| INFORMATION SUPPLIED |

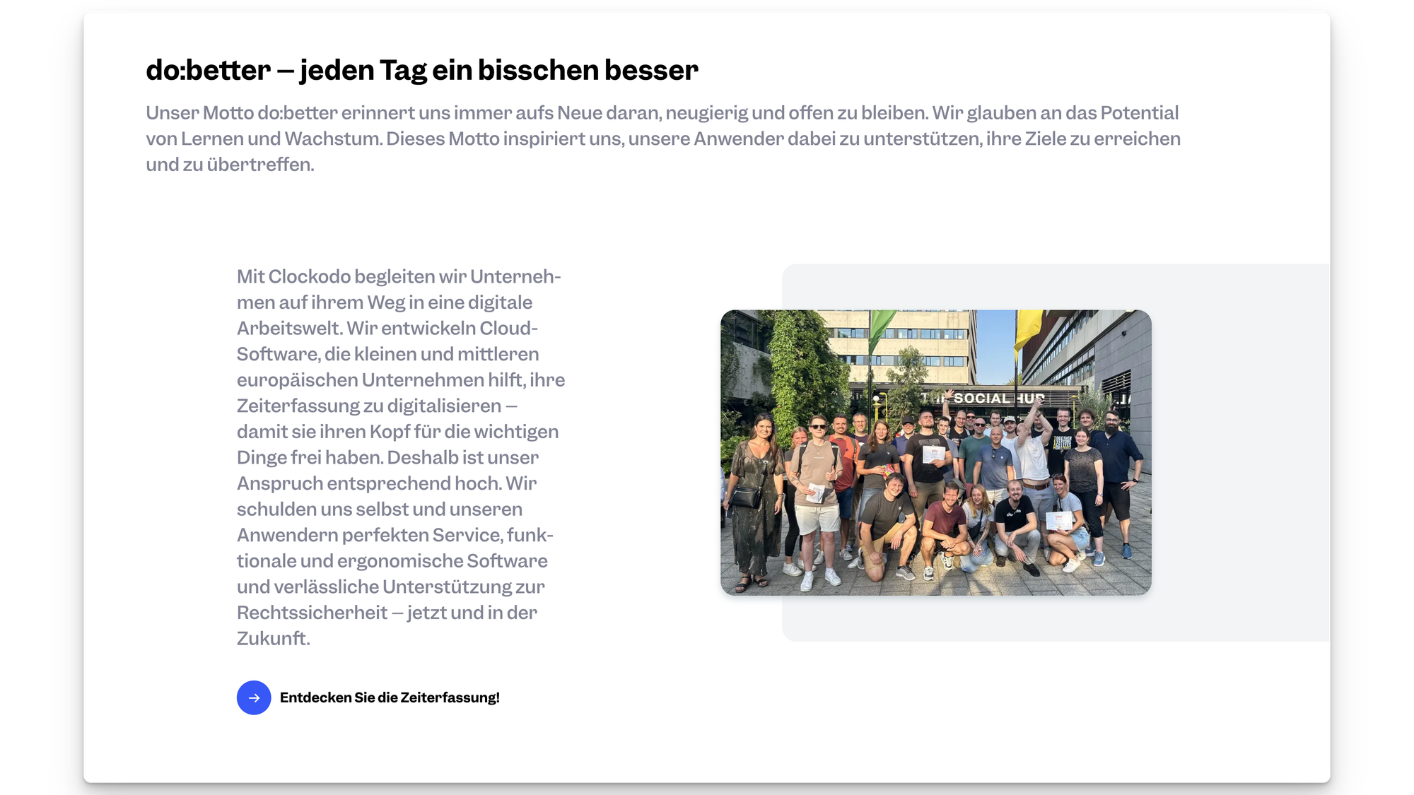 Die dritte Herausforderung: Konkurrenz. Toggle gab es schon, als Clockodo startete. Heute ist der Markt voller Zeiterfassungs-Tools. Clockodo differenziert sich durch Detailtiefe und den Fokus auf Dienstleister – und durch 13 Jahre kontinuierliche Weiterentwicklung.
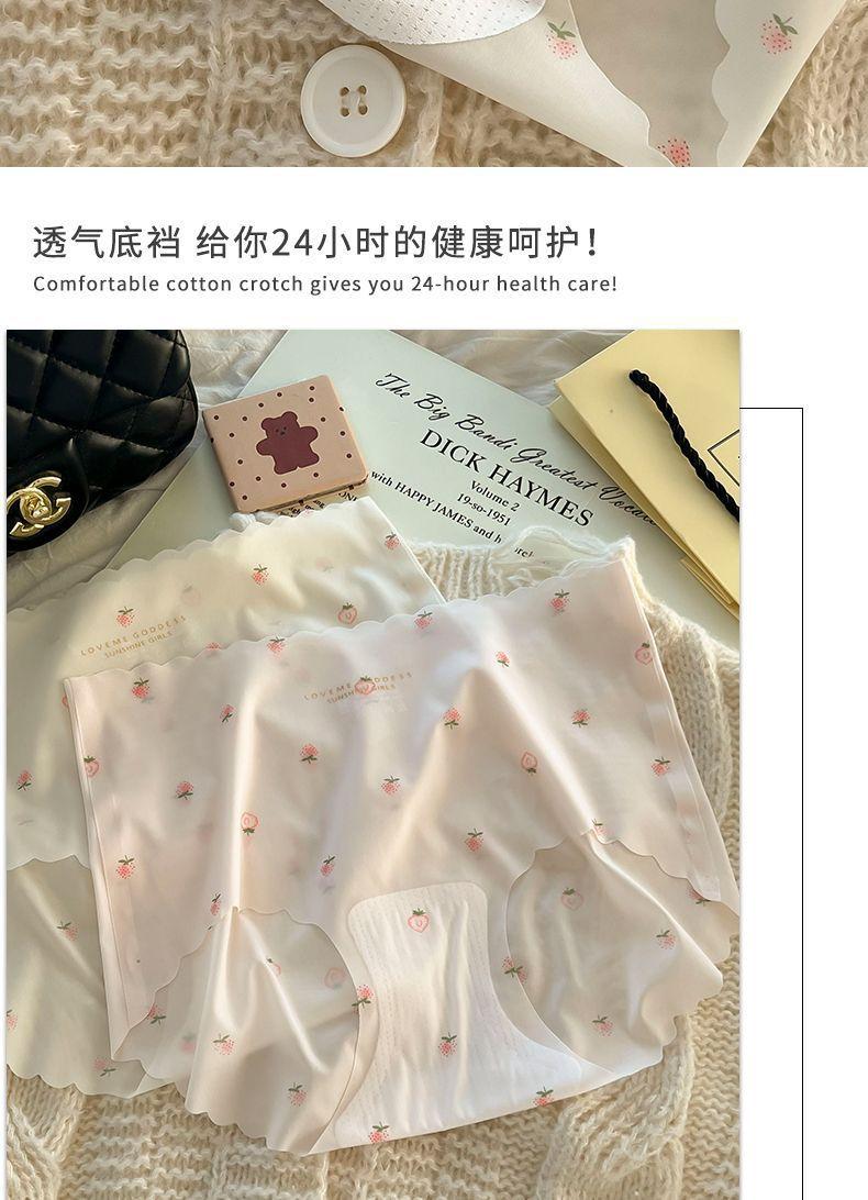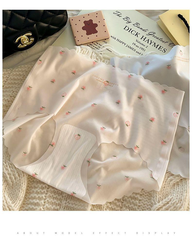 Ropa Interior de Verano sin Costuras de Seda de Hielo para Mujer Chica Fresa Sexy Cadera Durazno Pantalones Máscara 3D Ropa Interior Chica Cadera Desnuda
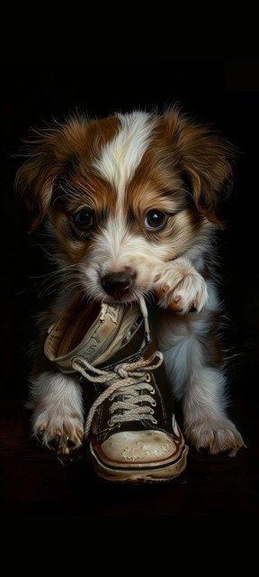 If I had a dollar for every time my dog chewed on my shoes... Great job at capturing puppies in their element.

| REQUIRED WORK |
Leaving out the pictures, output each line above exactly as it is.

| RESPONSE BELOW |
 Die dritte Herausforderung: Konkurrenz. Toggle gab es schon, als Clockodo startete. Heute ist der Markt voller Zeiterfassungs-Tools. Clockodo differenziert sich durch Detailtiefe und den Fokus auf Dienstleister – und durch 13 Jahre kontinuierliche Weiterentwicklung.
 Ropa Interior de Verano sin Costuras de Seda de Hielo para Mujer Chica Fresa Sexy Cadera Durazno Pantalones Máscara 3D Ropa Interior Chica Cadera Desnuda
 If I had a dollar for every time my dog chewed on my shoes... Great job at capturing puppies in their element.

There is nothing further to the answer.